### MATERIAL SUPPLIED

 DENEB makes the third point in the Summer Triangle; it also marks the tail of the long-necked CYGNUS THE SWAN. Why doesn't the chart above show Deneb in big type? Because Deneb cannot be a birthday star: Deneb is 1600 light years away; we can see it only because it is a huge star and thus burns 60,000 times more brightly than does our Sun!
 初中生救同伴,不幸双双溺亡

---

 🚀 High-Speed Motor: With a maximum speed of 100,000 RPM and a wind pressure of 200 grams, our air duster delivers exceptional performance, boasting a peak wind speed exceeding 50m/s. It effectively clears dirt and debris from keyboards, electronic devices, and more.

...

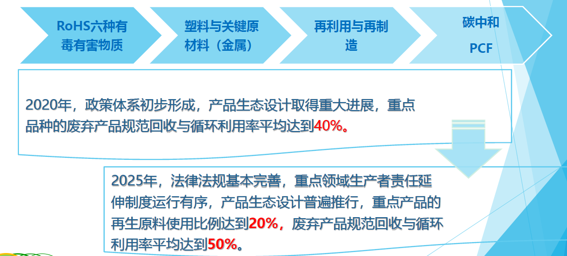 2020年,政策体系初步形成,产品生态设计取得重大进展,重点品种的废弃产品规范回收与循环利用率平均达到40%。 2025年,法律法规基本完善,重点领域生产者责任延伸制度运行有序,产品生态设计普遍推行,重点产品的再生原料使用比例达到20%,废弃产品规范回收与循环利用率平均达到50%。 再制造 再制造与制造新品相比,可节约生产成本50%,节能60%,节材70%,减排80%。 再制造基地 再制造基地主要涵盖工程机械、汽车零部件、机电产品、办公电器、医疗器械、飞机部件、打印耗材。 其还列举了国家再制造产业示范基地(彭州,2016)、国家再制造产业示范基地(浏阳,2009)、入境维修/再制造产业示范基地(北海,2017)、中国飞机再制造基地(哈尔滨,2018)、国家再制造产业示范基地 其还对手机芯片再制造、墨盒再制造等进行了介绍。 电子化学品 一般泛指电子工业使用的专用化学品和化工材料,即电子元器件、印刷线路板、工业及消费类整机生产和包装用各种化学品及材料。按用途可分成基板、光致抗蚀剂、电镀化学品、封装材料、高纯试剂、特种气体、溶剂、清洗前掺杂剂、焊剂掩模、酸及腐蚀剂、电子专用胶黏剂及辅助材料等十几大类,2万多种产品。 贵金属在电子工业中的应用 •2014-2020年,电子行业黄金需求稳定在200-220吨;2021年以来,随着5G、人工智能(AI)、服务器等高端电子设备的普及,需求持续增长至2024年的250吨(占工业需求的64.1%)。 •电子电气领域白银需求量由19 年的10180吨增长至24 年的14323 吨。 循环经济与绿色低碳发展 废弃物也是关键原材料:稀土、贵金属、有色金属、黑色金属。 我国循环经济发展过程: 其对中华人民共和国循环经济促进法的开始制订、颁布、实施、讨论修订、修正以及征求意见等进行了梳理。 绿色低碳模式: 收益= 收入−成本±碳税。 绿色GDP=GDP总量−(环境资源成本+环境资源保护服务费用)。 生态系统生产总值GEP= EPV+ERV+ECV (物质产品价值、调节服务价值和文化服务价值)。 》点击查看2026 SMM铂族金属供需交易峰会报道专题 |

### TO DO
Of all the entries above, retype exactly the lines from the line with "DENEB makes the" to the line with "初中生救同伴,不幸双双溺亡", both included, and no others.

### EXERCISE ANSWER
 DENEB makes the third point in the Summer Triangle; it also marks the tail of the long-necked CYGNUS THE SWAN. Why doesn't the chart above show Deneb in big type? Because Deneb cannot be a birthday star: Deneb is 1600 light years away; we can see it only because it is a huge star and thus burns 60,000 times more brightly than does our Sun!
 初中生救同伴,不幸双双溺亡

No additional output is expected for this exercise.